While the proposed STGNN framework demonstrates strong performance in forecasting and anomaly detection, several limitations remain to be addressed in future work.

• Synthetic Dataset Generalizability. All experiments were conducted using a synthetic SCADA dataset designed to emulate realistic transformer behavior. Although care was taken to simulate various fault types and subsystem dynamics, real-world variability may involve unmodeled patterns, non-Gaussian noise, and external disturbances. Validation on real SCADA logs from industrial substations will be pursued in future studies to assess deployment feasibility.
• Full Observability Assumption. The current model assumes that all sensor variables are fully observed at each time step. However, in real-world SCADA environments, signal dropout, packet loss, and asynchronous sampling often occur.

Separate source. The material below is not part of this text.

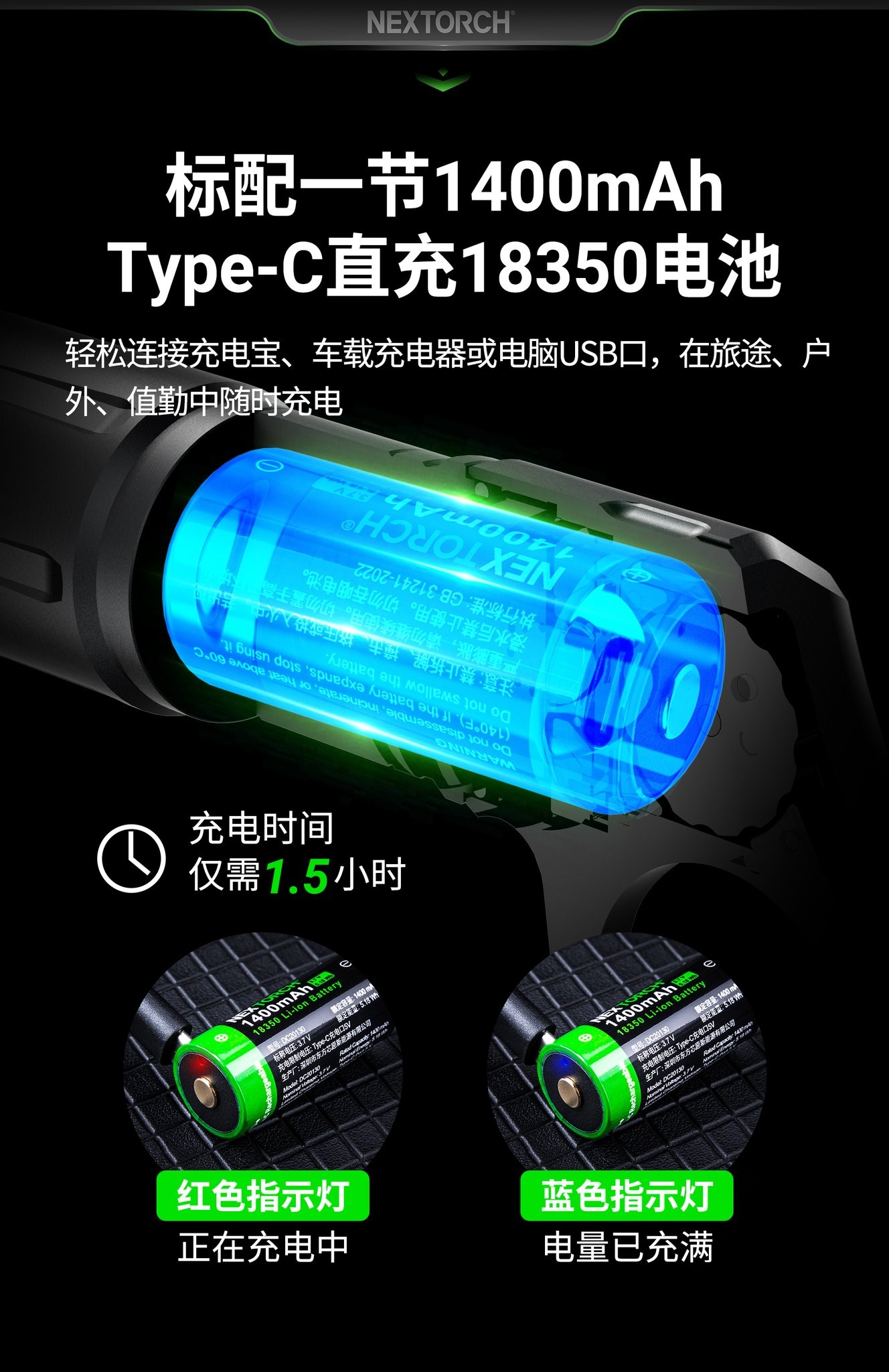 高效能照明:輸出強光,光束集中,夜間使用清晰安全。

Future work will explore spatiotemporal imputation strategies and semi-supervised graph learning methods to address missing or sparse observations.
• Model Interpretability. Although the proposed residual-based health indicator improves interpretability over pure black-box forecasting models, the internal graph attention mechanisms remain opaque. Further efforts will be made to incorporate graph explainability tools (e.g., GNNExplainer or counterfactual attention tracing) to interpret node-level contributions to fault detection decisions.

These limitations motivate future work toward real-world validation, robustness to incomplete data, and greater transparency in decision-making for power system diagnostics.